[Kernel] Simplify get_kv_cache_layout and cache use_trtllm_attention env-dependent bit (#22735)

Signed-off-by: NickLucche <nlucches@redhat.com>
2025-08-16 02:14:08 +02:00
parent ad0297d113
commit 070da660c1
2 changed files with 42 additions and 22 deletions
--- a/vllm/v1/attention/backends/utils.py
+++ b/vllm/v1/attention/backends/utils.py
@@ -248,19 +248,23 @@ class AttentionMetadataBuilder(abc.ABC, Generic[M]):

@functools.lru_cache
 def get_kv_cache_layout():
+    # Format specified by the code.
    global _KV_CACHE_LAYOUT_OVERRIDE
-    # Override with format specified by the user.
+
+    if _KV_CACHE_LAYOUT_OVERRIDE is not None:
+        cache_layout = _KV_CACHE_LAYOUT_OVERRIDE
+        logger.info_once("`_KV_CACHE_LAYOUT_OVERRIDE` variable detected. " \
+                         "Setting KV cache layout to %s.", cache_layout)

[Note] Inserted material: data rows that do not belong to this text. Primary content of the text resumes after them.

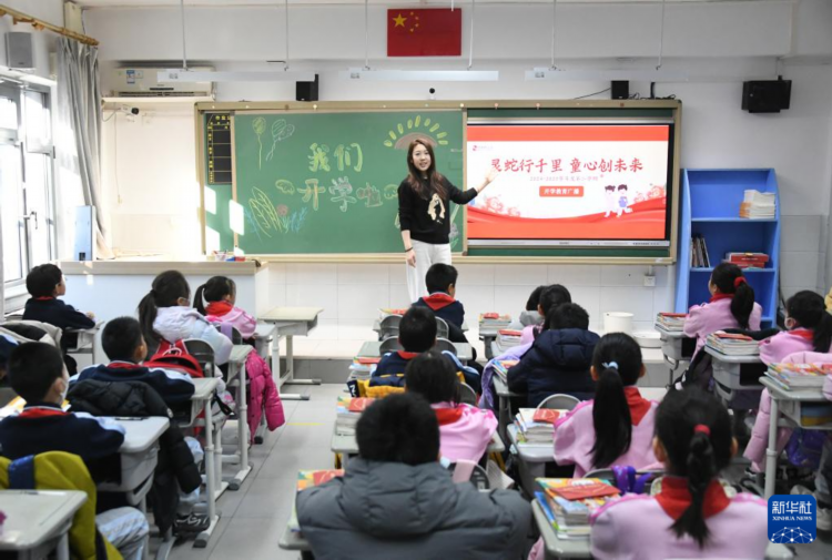 當日,全國多地中小學開學,師生迎接春季新學期。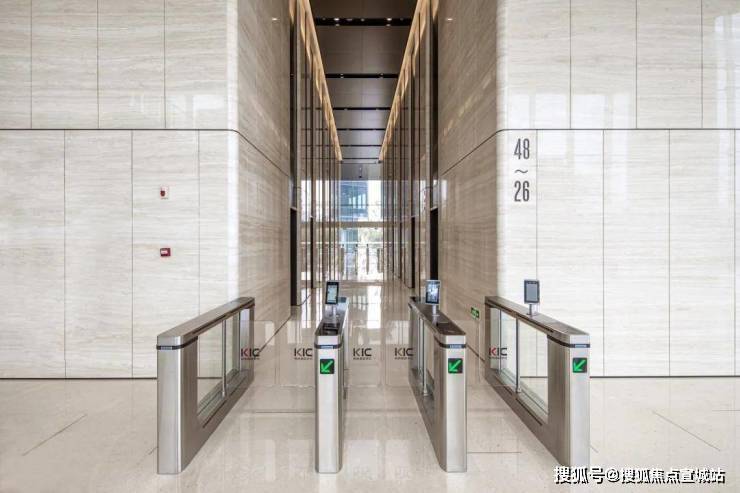 在商务体验改革方面,KIC柯桥国际中心引进 21部原装三菱电梯 ,以平均电梯等候时间小于40s, 最高时速6m/s的领先速度 ,大大减少了日常员工上班、外出时的候梯时间,这一速度也远远领先柯桥其他商务平台。同时引进10大智慧科技防护,在大堂电梯间前面,安置了科技感十足的通行道闸,集人脸识别、刷卡、监控于一体,保障了商务同行的安全。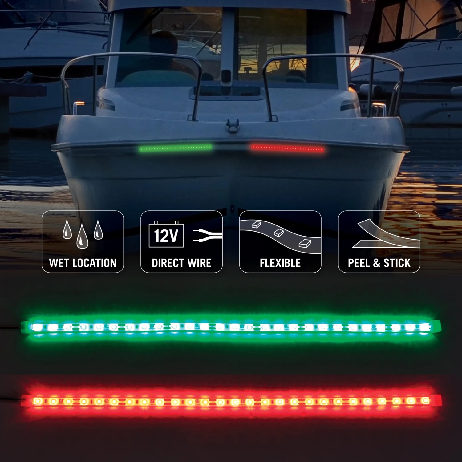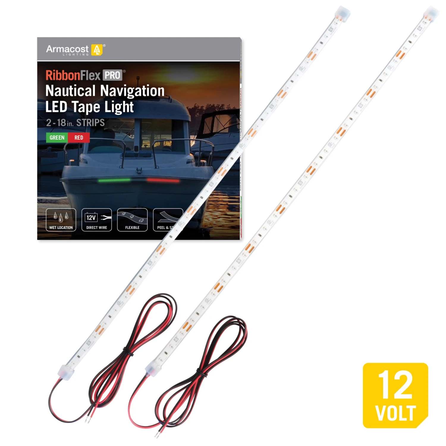 RibbonFlex Pro Nautical Navigation Red & Green LED Strip Light Tape from Armacost Lighting is rated IP67, making it an ideal weatherproof solution for watercraft navigation lighting on the bow of boats and yachts. The 18” LED strip lights are weatherproof, but not meant to be fully submersed underwater. IP67 rated tape light is 100% protected from dust and sand and protected against immersion in water between 5.9 – 39.37 inches (15cm – 1m) deep for up to 30 minutes. Can be installed in a variety of outdoor or wet locations, such as poolside decks, patios, porches, docks, RV & campers, and restaurants. Refer to US Coast Guard navigation light regulations specific to your vessel.
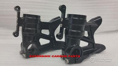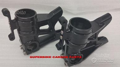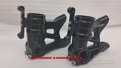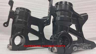 Realizziamo piedini radiali RICAVATI DAL PIENO per forcelle SHOWA 43 mm assiali e radiali di primo ecquipaggiamento Ducati. Diasponibili anche per forcelle Ohlins di primo ecquipaggiamento Ducati. Piedini ricavati dal pieno e disponibili con interasse 100 mm oppure 108 mm. Possiamo effettuare particolari lavorazioni meccaniche su richiesta del cliente, al fine di personalizzare al massimo tale realizzazione. Disponibile qualsiasi colore di anodizzazione. Si montano plug & play e non richiedono alcuna modifica, salvo l'uso di pinze radiali ovviamente. Possiamo progettare e realizzare piedini radiali speciali per qualsiasi moto. Con i nostri piedini trasformate la vostra forcella da assiale a radiale.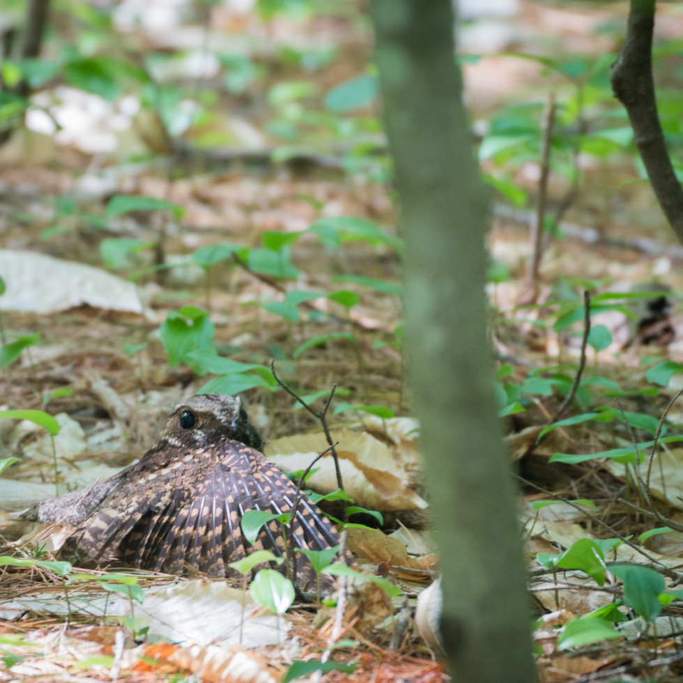 The significance of this encirclement has everything to do with Eastern Whip-poor-will breeding behavior. Whip-poor-wills are nightjars - a group of secretive and well-camouflaged birds that are active primarily at night. The nest on the forest floor, depending upon their superbly cryptic plumage to hide them from predators. Male whip-poor-wills sing at dusk, dawn, and all throughout moonlit nights to define their nesting territories. They patrol the territory boundaries and sing from the ground, tree limbs, stumps, and sometimes houses and other man-made structures. While I have heard whip-poor-wills singing and changing posts many times before, this was the first time I had found myself within a breeding territory. An hour into my observation, something even more interesting happened. While the first whip-poor-will sang from a more distant perch, another bird called from the woods just a few feet across the road. This bird was not singing the onomatopoeic song, however. It was giving a short “quirt” call. These rarely heard whip-poor-will calls are typically used by pair members to stay in contact with one another during the breeding season. At this, the distant singing came to an abrupt halt. Using my headlamp, I watched as the male flew in from its singing post and descended out of sight near the source of the calling and right near the place it had originally started singing. I had potentially found a breeding pair of whip-poor-wills. This was a rare event and one that is becoming increasingly rarer as whip-poor-wills suffer declines throughout eastern North America.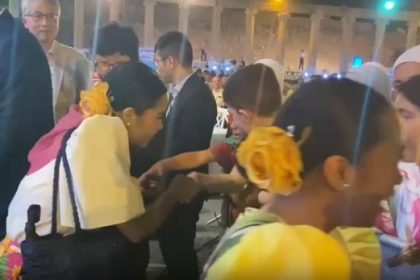 أطفال يسلّمون على الفرقة الكورية في مشهدٍ مفعم بالبراءة والمحب .. جرش39
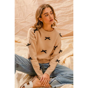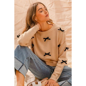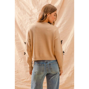 The ribbon bow applique sweater is a charming and feminine addition to your knitwear collection. The ribbon bow detail adds a sweet and playful touch to the sweater. Perfect for adding a touch of elegance to your winter wardrobe, this sweater is both cozy and stylish. Pair it with jeans or a skirt for a lovely and chic look that can easily transition from day to night.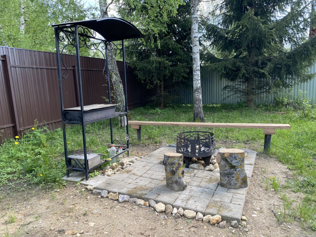 Дом построен в 2024 году, стоит у перелеска, свой выход в поле на берегу, до большой воды несколько минут пешком по живописной полевой дороге с видом на водохранилище. Участок 12 соток, огорожен высоким сплошным забором, на участке растут сосны, ели и берёзы. У дома большая лужайка. Среди елей и берез расположена зона барбекю с мангалом, барбекю и костровой чашей.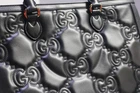Gucci Black GG Stitched Leather Matelassè Top Handle Tote Bag Designer: Gucci Material: Black stitched leather Origin: Italy Date/Authenticity Code: 735061 Measurements: 16" L x 7" W x 13" H Interior Pockets: Two compartments, one middle zip pocket, one side zip pocket and two flat pockets Handles: Double leather rolled handles, detachable leather shoulder strap and detachable canvas shoulder strap Handle Drop: 4.5" Closure/Opening: Open top Interior Lining: Fine textile lining Hardware: Goldtone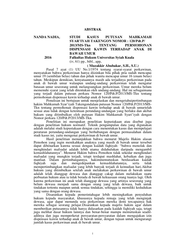 NANDA NADIA, STUDI KASUS PUTUSAN MAHKAMAH SYAR’IYAH TAKENGON NOMOR 120/PDT.P/2013/MS-TKN TENTANG PERMOHONAN DISPENSASI KAWIN TERHADAP ANAK DI BAWAH UMUR. Banda Aceh Universitas Syiah Kuala,2016

+        return cache_layout
+
+    # Format specified by the user.
    cache_layout = envs.VLLM_KV_CACHE_LAYOUT
+    # When neither the user nor the override specified a layout, get default
    if cache_layout is None:
-        if envs.VLLM_USE_TRTLLM_ATTENTION:
-            cache_layout = "HND"
-        else:
-            cache_layout = get_kv_connector_cache_layout()
+        cache_layout = get_kv_connector_cache_layout()
    else:
        logger.info_once("`VLLM_KV_CACHE_LAYOUT` environment variable " \
        "detected. Setting KV cache layout to %s.", cache_layout)
-    if _KV_CACHE_LAYOUT_OVERRIDE is not None:
-        cache_layout = _KV_CACHE_LAYOUT_OVERRIDE
    return cache_layout